What license is SQLAlchemy licensed under ?
SQLAlchemy is under the MIT License.
Setting Up/Connecting
How do I configure logging ?
SQLAlchemy as of 0.3.0 uses Python's logging module for logging. This is enabled via the standard logging methodology, using named loggers. SQLAlchemy logs database conversations underneath the sqlalchemy.engine namespace, and the ORM dumps debugging messages to a variety of names underneath the sqlalchemy.orm namespace.
A generic logging setup looks like:
import logging
logging.basicConfig()
logging.getLogger('sqlalchemy.engine').setLevel(logging.INFO)
logging.getLogger('sqlalchemy.orm').setLevel(logging.INFO)
Also note that using echo=True on the create_engine or create_session functions will try to set up its own logging configuration, which may conflict with an explicit logger config.

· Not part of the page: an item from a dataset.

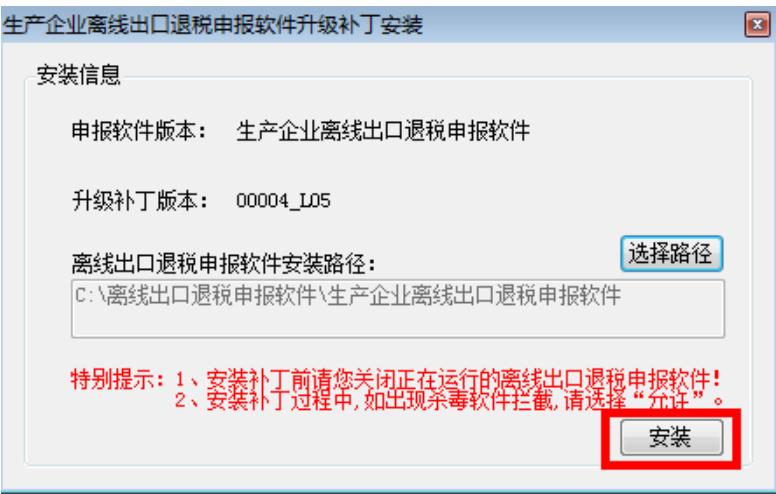 2.雙擊運(yùn)行程序,補(bǔ)丁包將自動(dòng)檢測(cè)已安裝的出口退稅申報(bào)系統(tǒng)的安裝路徑,如路徑不正確可點(diǎn)擊“選擇路徑”更改路徑,企業(yè)用戶在核對(duì)安裝路徑無(wú)誤后,單擊“安裝”開(kāi)始升級(jí):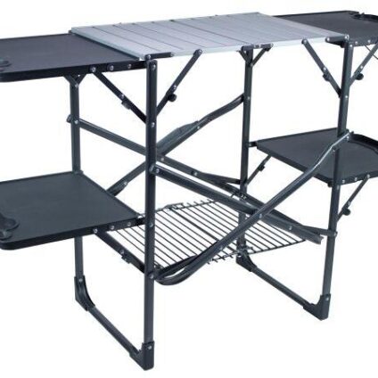 Ausgestattet mit der patentierten Slim-Fold Technology™ lässt sich die Slim-Fold Cook Station mit wenigen Handgriffen auf- und abbauen und kompakt zusammenfalten. Eine Ablage zur Aufbewahrung, die hitzebeständige Arbeitsplatte aus Aluminium und die vier ausklappbaren Kunststoff-Beistelltische machen die Cook Station zum perfekten Begleiter für Ihren nächsten Campingausflug. Die Beistelltische sind mit Getränkehaltern, Stielglashaltern und Haken ausgestattet, die als Müllsack- oder Papierhandtuchhalter…

The "help" keyword (i.e. help(sqlalchemy)) and "pydoc" commands dont work
This is a known Python bug which is fixed in version 2.5:
http://sourceforge.net/tracker/?func=detail&atid=105470&aid=1506951&group_id=5470
Do I have to do something special to use connection pooling ? Are my connections pooled ?
No and yes. If you have called create_engine(), the returned Engine object has a reference to a connection pool in all cases. The class used for this pool in most cases is sqlalchemy.pool.QueuePool, but in the case of SQLite is sqlalchemy.pool.SingletonThreadPool. The type of pool used as well as its characteristics can be controlled, see the docs.
How do i specify (insert custom DBAPI argument here) to my connect() function?
Method #1:
e = create_engine('postgres://url', connect_args={'sslmode':True})
Method #2:
e = create_engine('postgres://url?sslmode=something')
Method #3:
def conn():
return psycopg.connect(url, arg1, arg2, kwarg1=foo, kwarg2=bar)
e = create_engine('postgres://', creator=conn)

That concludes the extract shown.